Both sides in UK agree government plan should do more to promote vaping

The British government must step up efforts to promote vaping products if it is to achieve its goal of a smoke-free society by 2030, a cross-party parliamentary committee in Westminster agreed.

David Jones, Conservative MP for Clwyd West in North Wales, spoke for members on both sides of the political divide when he told the UK Backbench Business Committee: “E-cigarettes save lives, and we should make sure that message reaches every smoker in Britain.”

Jones said the forthcoming Tobacco Control Plan, due to be published this summer, should include stronger promotion of tobacco alternatives, which have a “proven (positive) effect on health”.

The committee warned that, at the current rate, the UK will not reach the smoke-free target until 2037. Members urged officials in London to reach out “directly” to the UK’s 7m smokers to promote alternative products.

Junior health minister Jo Churchill said during the debate that the government “will recommit” to its evidenced approach to e-cigarettes. “The products certainly have a role in supporting smokers to quit, and we will ensure that they remain accessible to smokers, while protecting non-smokers and young people,” she said.

 

Nicotine levels

 

Some MPs agreed that the government “must champion the less harmful alternatives to combustible tobacco” in light of the evidence that shows tobacco-alternative tools such as e-cigarettes to be the most effective way to quit smoking.

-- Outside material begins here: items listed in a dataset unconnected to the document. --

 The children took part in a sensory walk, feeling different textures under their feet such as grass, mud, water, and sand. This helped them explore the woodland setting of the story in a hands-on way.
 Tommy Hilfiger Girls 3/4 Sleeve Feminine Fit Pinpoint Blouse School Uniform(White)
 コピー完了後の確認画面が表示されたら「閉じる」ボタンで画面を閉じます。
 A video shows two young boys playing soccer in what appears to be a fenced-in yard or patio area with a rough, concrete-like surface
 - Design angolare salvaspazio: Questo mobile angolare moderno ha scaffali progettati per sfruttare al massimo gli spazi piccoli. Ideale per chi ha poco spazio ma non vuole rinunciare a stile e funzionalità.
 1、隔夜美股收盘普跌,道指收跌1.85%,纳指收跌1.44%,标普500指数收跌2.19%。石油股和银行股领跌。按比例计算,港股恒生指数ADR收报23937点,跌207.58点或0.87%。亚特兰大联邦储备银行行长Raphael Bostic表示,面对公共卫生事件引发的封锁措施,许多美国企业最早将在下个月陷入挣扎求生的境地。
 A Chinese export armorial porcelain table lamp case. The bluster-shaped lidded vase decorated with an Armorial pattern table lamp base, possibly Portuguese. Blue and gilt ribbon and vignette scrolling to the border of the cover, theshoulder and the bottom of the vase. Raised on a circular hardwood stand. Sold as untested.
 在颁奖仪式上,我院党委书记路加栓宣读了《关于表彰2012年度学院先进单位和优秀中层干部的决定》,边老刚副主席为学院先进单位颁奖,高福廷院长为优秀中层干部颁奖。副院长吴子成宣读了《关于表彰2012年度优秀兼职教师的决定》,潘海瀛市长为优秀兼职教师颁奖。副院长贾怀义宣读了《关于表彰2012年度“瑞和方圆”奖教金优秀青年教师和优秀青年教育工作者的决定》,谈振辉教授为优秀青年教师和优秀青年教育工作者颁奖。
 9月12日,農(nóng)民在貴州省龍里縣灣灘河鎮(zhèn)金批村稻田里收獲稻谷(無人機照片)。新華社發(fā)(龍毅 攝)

The government was also urged to address the issue of nicotine levels in alternative tobacco products, as they should ensure a “satisfying nicotine experience”, thereby encouraging cigarette smokers to switch.

Mary Glindon, Labour MP for North Tyneside, said the government plan should envisage the launch of a communication campaign to illustrate the benefits of alternative products over cigarettes.

She said the campaign should tackle the growing “levels of misinformation and misperception of relative harm of e-cigarettes versus other tobacco products”. She also called for an “evidence-based approach” to government communications on the subject.

MPs also discussed the possibility of raising the legal age for buying tobacco from 18 to 21, as recently proposed by the Royal College of Physicians.

Mary Kelly Foy, Labour MP for the City of Durham, said the tobacco plan should oblige tobacco companies to contribute to a fund aimed at financing tobacco control initiatives needed to achieve the smoke-free 2030 target.

 

What This Means: The Tobacco Control Plan is expected to be a critical document that will define UK policy over the next few years, with a special focus on the target of a “smoke-free” nation in just nine years’ time.

It seems clear that the government will continue promoting vaping as a successful quitting tool, while it remains to be seen what role other tobacco-alternative products may play.